--- AVAILABLE RECORDS ---
══════

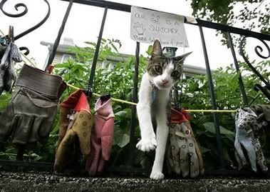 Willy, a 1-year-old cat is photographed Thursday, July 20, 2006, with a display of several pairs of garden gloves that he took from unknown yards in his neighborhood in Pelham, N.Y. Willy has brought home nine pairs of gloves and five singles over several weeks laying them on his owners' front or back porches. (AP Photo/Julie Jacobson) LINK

══════

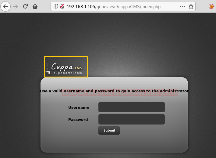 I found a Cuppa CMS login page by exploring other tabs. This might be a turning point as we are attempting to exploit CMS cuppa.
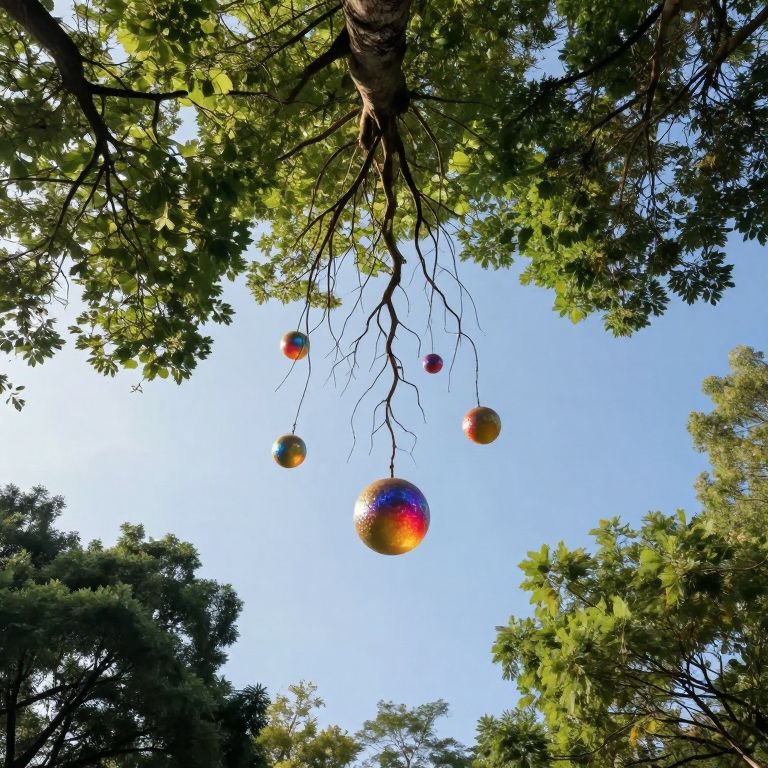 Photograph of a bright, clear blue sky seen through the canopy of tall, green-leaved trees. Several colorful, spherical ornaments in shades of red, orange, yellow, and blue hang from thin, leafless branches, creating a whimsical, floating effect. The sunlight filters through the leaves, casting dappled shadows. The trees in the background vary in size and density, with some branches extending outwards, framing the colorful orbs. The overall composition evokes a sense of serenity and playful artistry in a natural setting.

══════

--- TASK GOAL ---
Range to copy from the records above: the line containing "I found a Cuppa" to the line containing "Photograph of a", both included. Output those lines exactly and only those, skipping pictures.

--- TASK ANSWER ---
 I found a Cuppa CMS login page by exploring other tabs. This might be a turning point as we are attempting to exploit CMS cuppa.
 Photograph of a bright, clear blue sky seen through the canopy of tall, green-leaved trees. Several colorful, spherical ornaments in shades of red, orange, yellow, and blue hang from thin, leafless branches, creating a whimsical, floating effect. The sunlight filters through the leaves, casting dappled shadows. The trees in the background vary in size and density, with some branches extending outwards, framing the colorful orbs. The overall composition evokes a sense of serenity and playful artistry in a natural setting.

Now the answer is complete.